:: EXERCISE DETAILS ::
Only the lines from the one with "Цветную подводку можно" through the last line of the data below are to be duplicated, exactly and without pictures.

:: STORED DATA ::
★ ★ ★
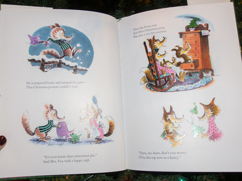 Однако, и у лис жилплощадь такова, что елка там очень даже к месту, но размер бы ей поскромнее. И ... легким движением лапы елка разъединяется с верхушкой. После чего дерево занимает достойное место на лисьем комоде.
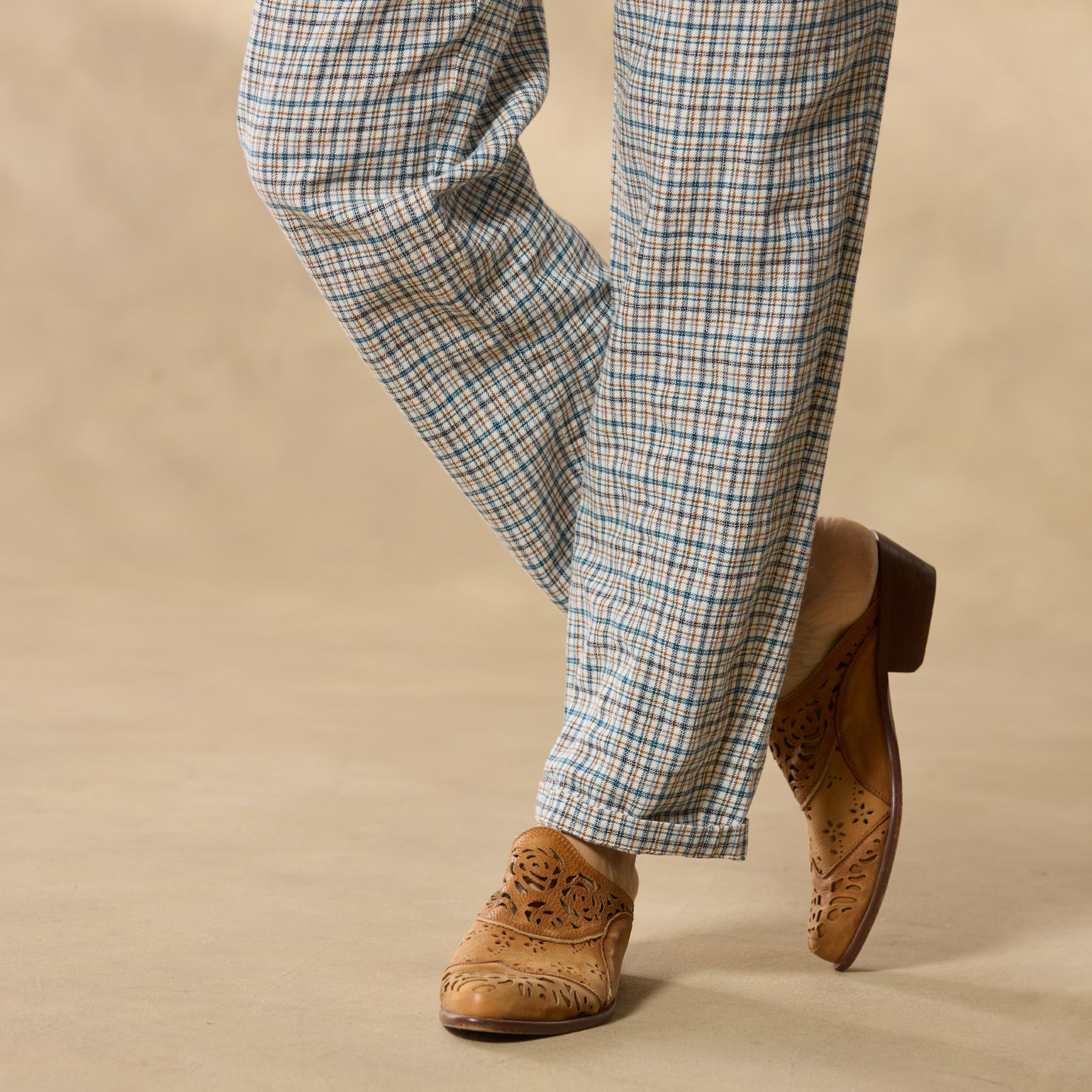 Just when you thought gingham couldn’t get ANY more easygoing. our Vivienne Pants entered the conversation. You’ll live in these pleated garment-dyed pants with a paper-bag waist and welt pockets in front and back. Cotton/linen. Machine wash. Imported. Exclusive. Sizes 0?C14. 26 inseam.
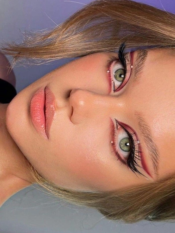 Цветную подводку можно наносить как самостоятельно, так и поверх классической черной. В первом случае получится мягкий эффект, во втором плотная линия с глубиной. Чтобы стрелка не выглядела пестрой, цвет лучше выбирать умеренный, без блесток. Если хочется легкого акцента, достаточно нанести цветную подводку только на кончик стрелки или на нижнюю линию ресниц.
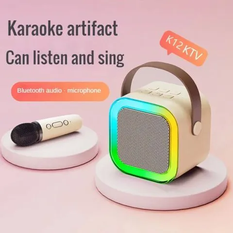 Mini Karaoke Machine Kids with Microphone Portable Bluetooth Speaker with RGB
★ ★ ★
:: ANSWER FOR THIS EXERCISE ::
 Цветную подводку можно наносить как самостоятельно, так и поверх классической черной. В первом случае получится мягкий эффект, во втором плотная линия с глубиной. Чтобы стрелка не выглядела пестрой, цвет лучше выбирать умеренный, без блесток. Если хочется легкого акцента, достаточно нанести цветную подводку только на кончик стрелки или на нижнюю линию ресниц.
 Mini Karaoke Machine Kids with Microphone Portable Bluetooth Speaker with RGB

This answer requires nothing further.